Data records:
________________________

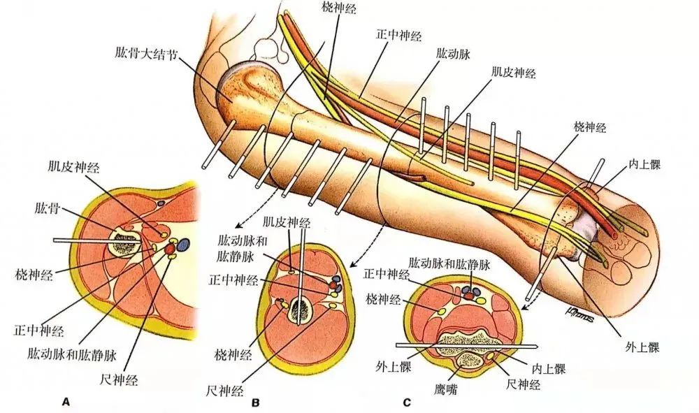 正中神经同肱动脉一同走行,在上臂的上2/3神经位于肱骨的内侧,在肱骨远端1/3神经向外侧移行并在肘关节水平位于肱骨的前方。
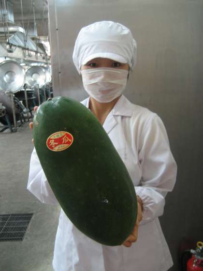 今日は,生まれたての赤ちゃんほどの大きさの冬瓜が納入されました。
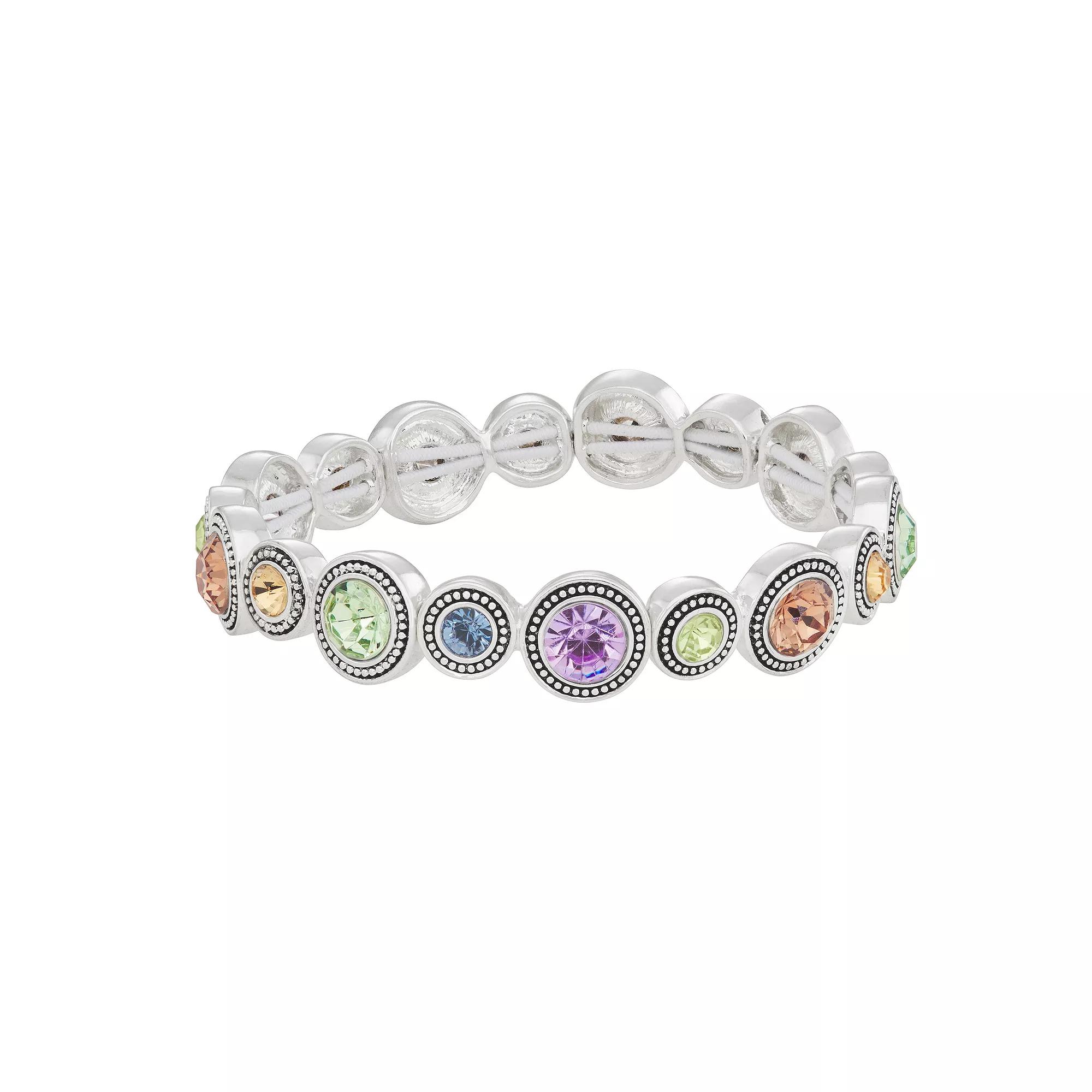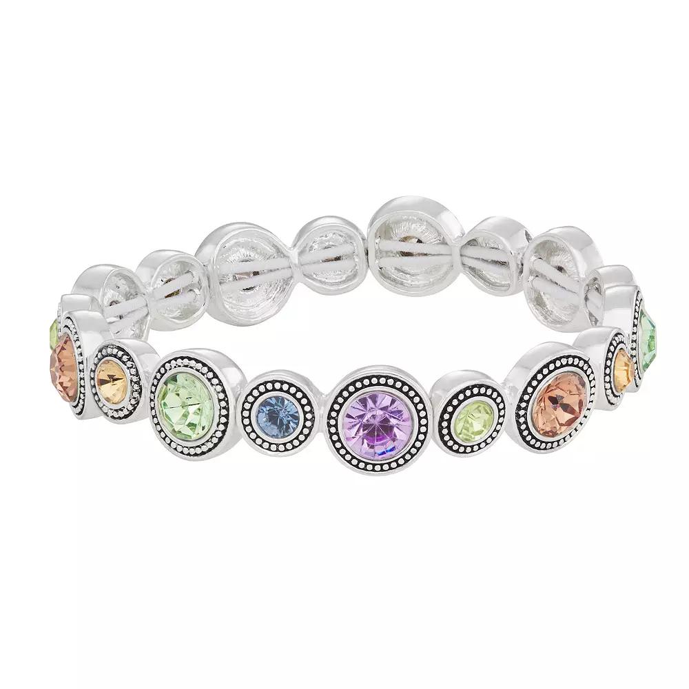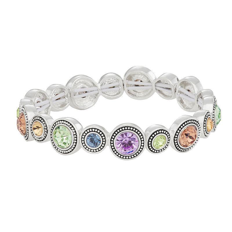 This simulated crystal-encrusted silver tone bracelet from Napier is the perfect accessory for when you want to add a little sparkle to your outfit. This simulated crystal-encrusted silver tone bracelet from Napier is the perfect accessory for when you want to add a little sparkle to your outfit. BRACELET DETAILS Length: 7.5 in. Metal: alloy Plating: silver tone Finish: antiqued Material: glass Nickel safe Not appropriate for children 14 years old and younger. Size: One Size. Color: Multicolor. Gender: female. Age Group: adult.
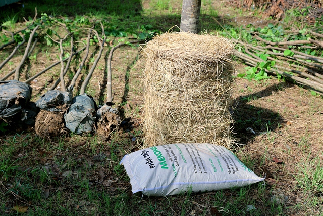 Kỷ thuật trồng cây được một Phật tử có kinh nghiệm chia sẻ trước khi đặt cây trồng (lót đất sạch, đặt bầu cây vào vị trí, 3 phần sâu, 7 phần trên cạn, lấp đất vung, cột 3 cây chồng chéo để giữ vị trí, tưới nước, lấp rơm giữ ẩm cho rễ).
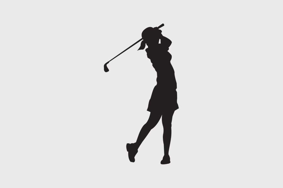 Αυτοκόλλητο τοίχου από βινύλιο που απεικονίζει μια γυναίκα να παίζει γκολφ.
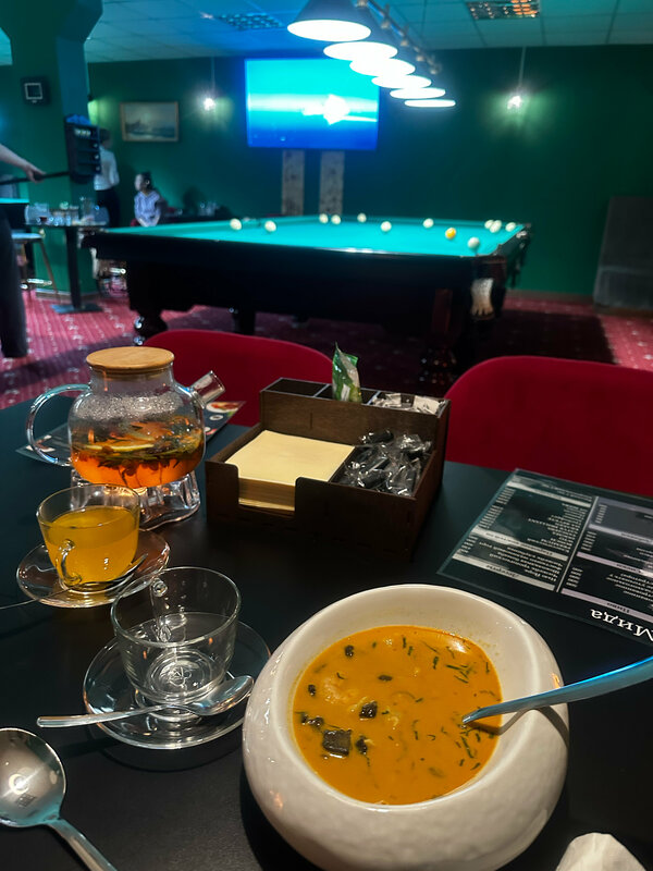 Все понравилось , особенно после того как обыграла 3/0 😁 Обслуживание на высоком уровне , периодически хозяин заведения спрашивал как у нас дела, все ли нравится, то есть ему важна его репутация, это важно . Уютные диваны , еда свежая , чай понравился , не на сиропе . В конце также хозяин заведения подарил пирожное на выбор , было очень приятно ! Однозначно рекомендую и по возможности еще вернусь !

________________________

Task details.
With the pictures left out, restate word for word every line of the data above, from the first down to the line that contains "Αυτοκόλλητο τοίχου από".

Output for this exercise.
 正中神经同肱动脉一同走行,在上臂的上2/3神经位于肱骨的内侧,在肱骨远端1/3神经向外侧移行并在肘关节水平位于肱骨的前方。
 今日は,生まれたての赤ちゃんほどの大きさの冬瓜が納入されました。
 This simulated crystal-encrusted silver tone bracelet from Napier is the perfect accessory for when you want to add a little sparkle to your outfit. This simulated crystal-encrusted silver tone bracelet from Napier is the perfect accessory for when you want to add a little sparkle to your outfit. BRACELET DETAILS Length: 7.5 in. Metal: alloy Plating: silver tone Finish: antiqued Material: glass Nickel safe Not appropriate for children 14 years old and younger. Size: One Size. Color: Multicolor. Gender: female. Age Group: adult.
 Kỷ thuật trồng cây được một Phật tử có kinh nghiệm chia sẻ trước khi đặt cây trồng (lót đất sạch, đặt bầu cây vào vị trí, 3 phần sâu, 7 phần trên cạn, lấp đất vung, cột 3 cây chồng chéo để giữ vị trí, tưới nước, lấp rơm giữ ẩm cho rễ).
 Αυτοκόλλητο τοίχου από βινύλιο που απεικονίζει μια γυναίκα να παίζει γκολφ.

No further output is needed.